38 thoughts on “Rick White 1949-2012

  1. My deepest condolences to you and your family. This is jarring to me as my father was born in 1949 as well. I am not a super religious man but, having lost a couple close family members in the last couple of years including my son I found it easier to find peace knowing that they are in a better place.I will say a prayer for you and yours in this difficult time. Embrace and enjoy your memories and always remember grieve at your own pace.

  2. Very sorry to hear about your loss. It especially hits close to home being at a similar point in my life. You will be in my thoughts and prayers.

  3. My deepest condolences. January 5 was the 21st anniversary of my own father’s passing. The bond between a father and son is such an important one. I hope that your cherished memories will help you through this time of difficulty as fond memories of my dad have always helped me.

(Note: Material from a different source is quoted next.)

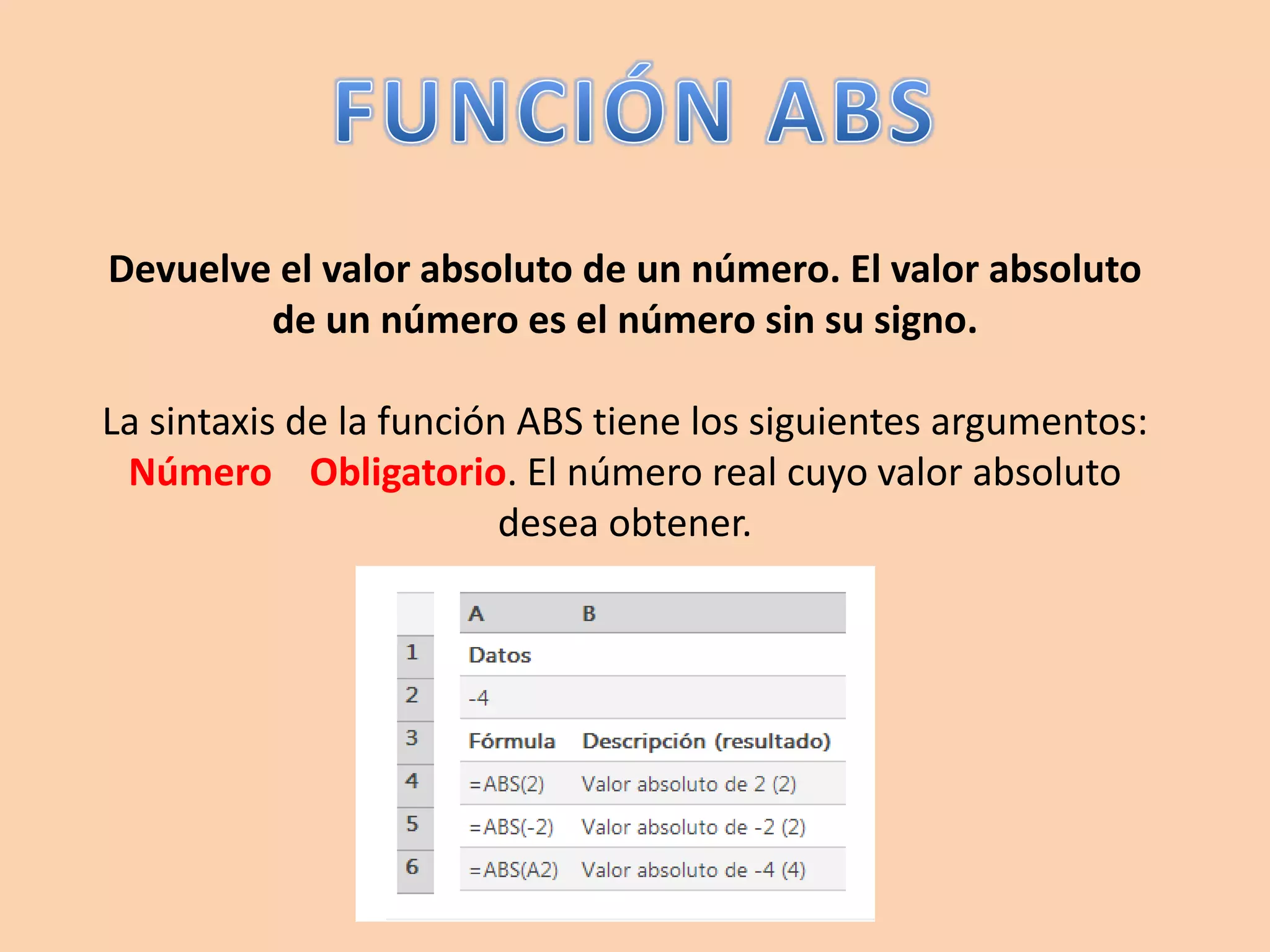 Este documento describe varias funciones matemáticas en Excel, incluyendo ABS, ALEATORIO.ENTRE, COCIENTE, COMBINAT, ENTERO, EXP, FACT, GRADOS, LN, PRODUCTO, RAÍZ, RADIANES, REDONDEAR y TRUNCAR. Cada función se define brevemente con su sintaxis y uso.

  4. What sobering news. So very sorry for your loss, Casey. What a great legacy to leave, though. A love of sports is great, but to have loyalty and ethics modeled? Even better.

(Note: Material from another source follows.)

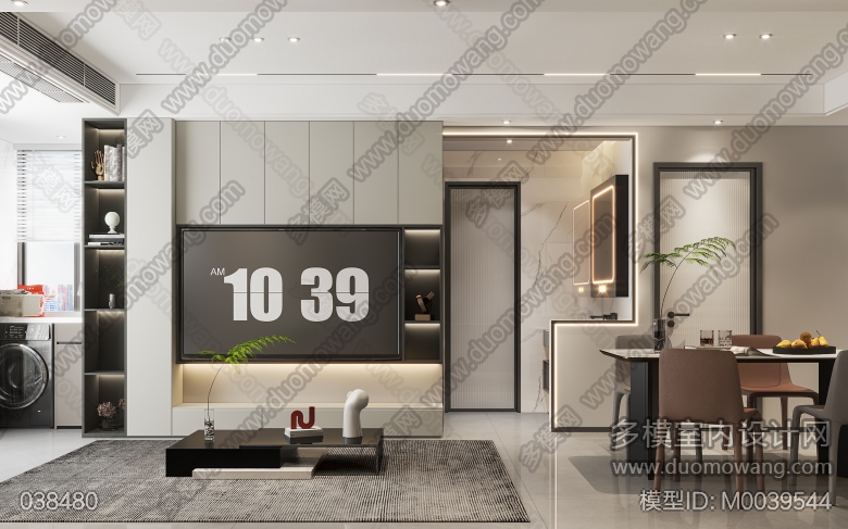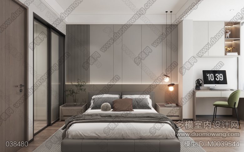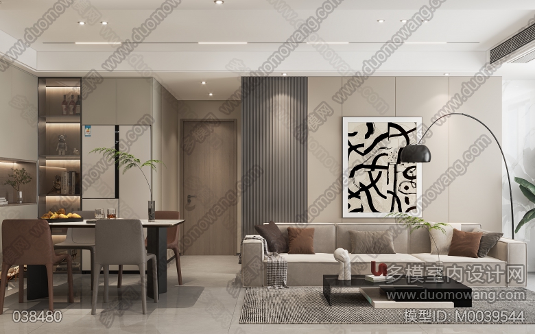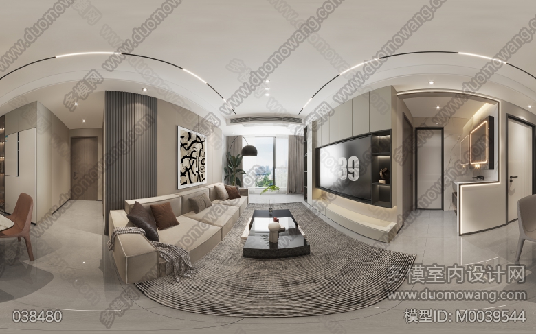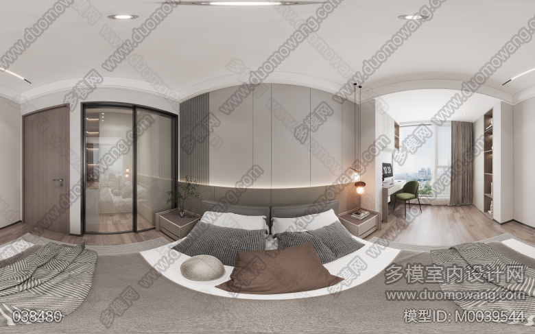 家装现代风格客餐厅1个全景,卧室1个全景 ID:M0039544

  5. I’m sorry to hear about your loss Casey! I really understand your feelings; my dad was the person who taught me about professionalism, responsibilities and taking pride in whatever I do.

    My prayers are with you and yours.

  6. Casey, my deepest condolences go out to you, your entire family, and your father’s many friends.

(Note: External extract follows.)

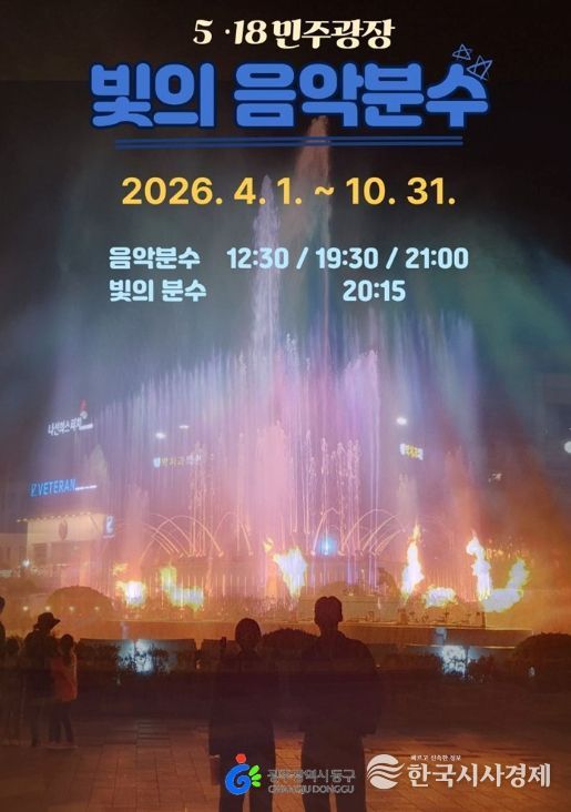 동구 관계자는 “5·18민주광장 빛의 음악분수는 시민들이 일상 속에서 문화와 휴식을 함께 즐길 수 있는 도심 속 명소”라며 “앞으로도 다양한 연출과 콘텐츠를 지속적으로 발굴해 시민들에게 더욱 풍성한 볼거리와 즐길 거리를 제공하겠다”고 말했다.

    It is often said when someone we love passes away that they’ve left a “hole” in our lives and in our hearts. That’s true… and I believe the presence of the “hole” is purposeful. It is meant to be “filled”, both with loving memories of the departed and, just as importantly, with acts of of kindness, compassion, and charity towards those who are left behind – family, firends, acquaintances, and strangers alike. The “filling of the hole” is our contribution to the legacy of those we’ve lost.

    Sending an abundance of love, hope, and prayer your way…

    Brian

  7. So sorry for your loss Casey. I know how hard it is to lose a parent as well. As cliche as it is, time will heal and they will always be with you. It sounds like you are going to instill your Father’s lessons with Moses and that is the greatest way to honor him. Again so very sorry bro.

    Dave

  8. This is sad news Casey, my condolences for your and your family’s loss.
    ps what cute kid you have by the way!

  9. sorry for your loss Casey, your father sounds like an amazing man and i’m sure you and your son have picked up some of those traits to keep his memory/legacy alive.

  10. Very sorry for your loss. I lost my uncle with whom I was very close with several years ago but losing your father must feel a hundred times worse. My thoughts and prayers are with you at this time.

  11. Casey,

    Man, I’m so sorry for your loss. I too am involved in a family business, so I know the ups and downs of it. Thankfully, all of our pieces of the puzzle are still there, but we almost lost one a few years ago. My condolences and prayers for you and yours.

    Paco

  12. Casey,

    Words cannot express how sorry we are for your loss. Our thoughts and prayers go out to you and your family during this difficult time. May all of the great memories of your dad live on. Love, The Fishers

  13. Casey, I am very sorry for your loss. We’ve never met, but your dad was an extremely important role model for me. I played for him at Christian High when he led us to the CIF Championship in 1975. In addition, he was instrumental in getting me a college football scholarship. I am sadden beyond words that I failed to stay in touch with him and let him know how significant a role he played in my life. I was very moved by your words about your dad and can easily imagine him doing all that you so beautifully described.
    Jeff Wolff

  14. I’m very sorry for the loss of your father. I did not read this entry before until now. I hope you are doing well.